## WHAT YOU SHOULD DO
When you reach the line that contains "- Wat zit er", please begin copying, and carry on exactly to the last line of the material, leaving out every picture.

## SUPPLIED MATERIAL
╔══
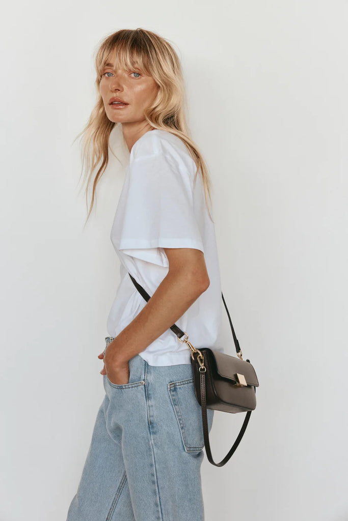 Enjoy refined versatility with two removable strap options. Carry Isla as a chic shoulder bag with the elongated leather strap, effortlessly convert it to a crossbody with the longer leather strap, or embrace its minimalist beauty as an elevated clutch.
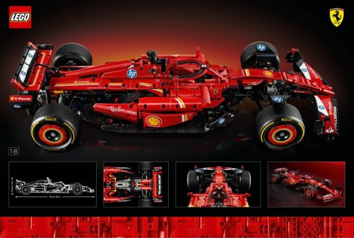 - Wat zit er in de doos: Bouwbare Ferrari SF‑24 F1 auto schaal 1:8; motorkap; V6‑motor met draaiende MGU‑H; versnellingsbak met 2 versnellingen; verstelbare spoiler; instructies
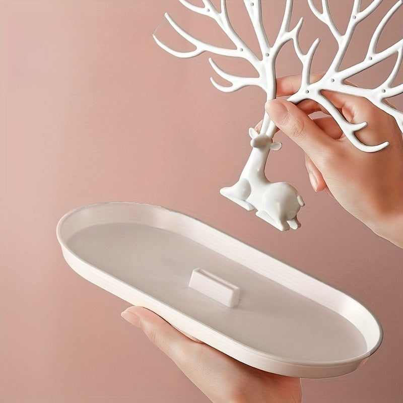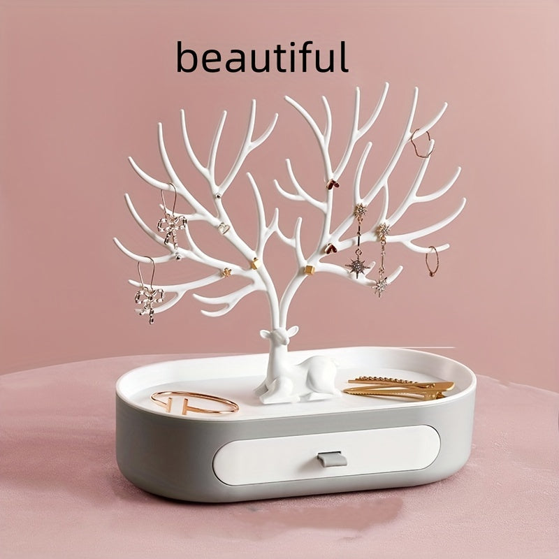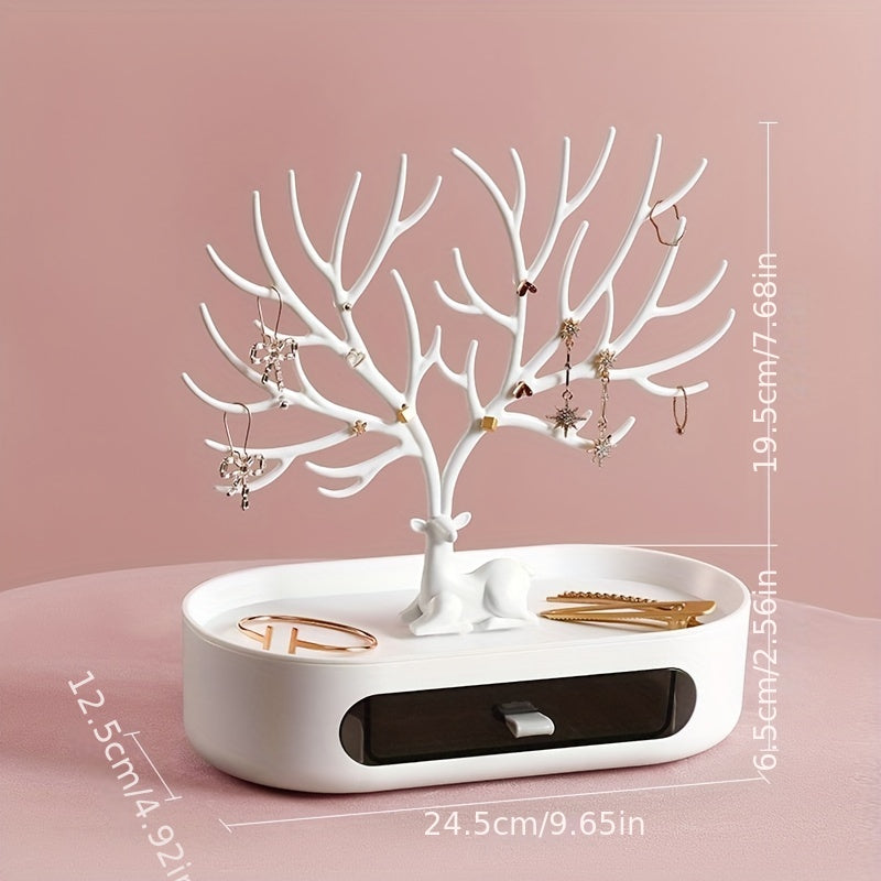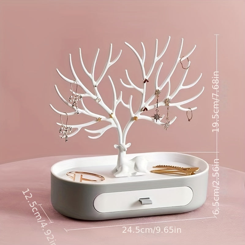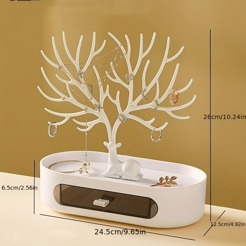 Keep your jewelry organized and easily accessible with this hanging jewelry organizer. Featuring a cute fawn corner tree shape design and a convenient drawer, it is perfect for home or office use. Makes a great gift for your loved ones.
╚══
## WRITTEN REPLY
 - Wat zit er in de doos: Bouwbare Ferrari SF‑24 F1 auto schaal 1:8; motorkap; V6‑motor met draaiende MGU‑H; versnellingsbak met 2 versnellingen; verstelbare spoiler; instructies
 Keep your jewelry organized and easily accessible with this hanging jewelry organizer. Featuring a cute fawn corner tree shape design and a convenient drawer, it is perfect for home or office use. Makes a great gift for your loved ones.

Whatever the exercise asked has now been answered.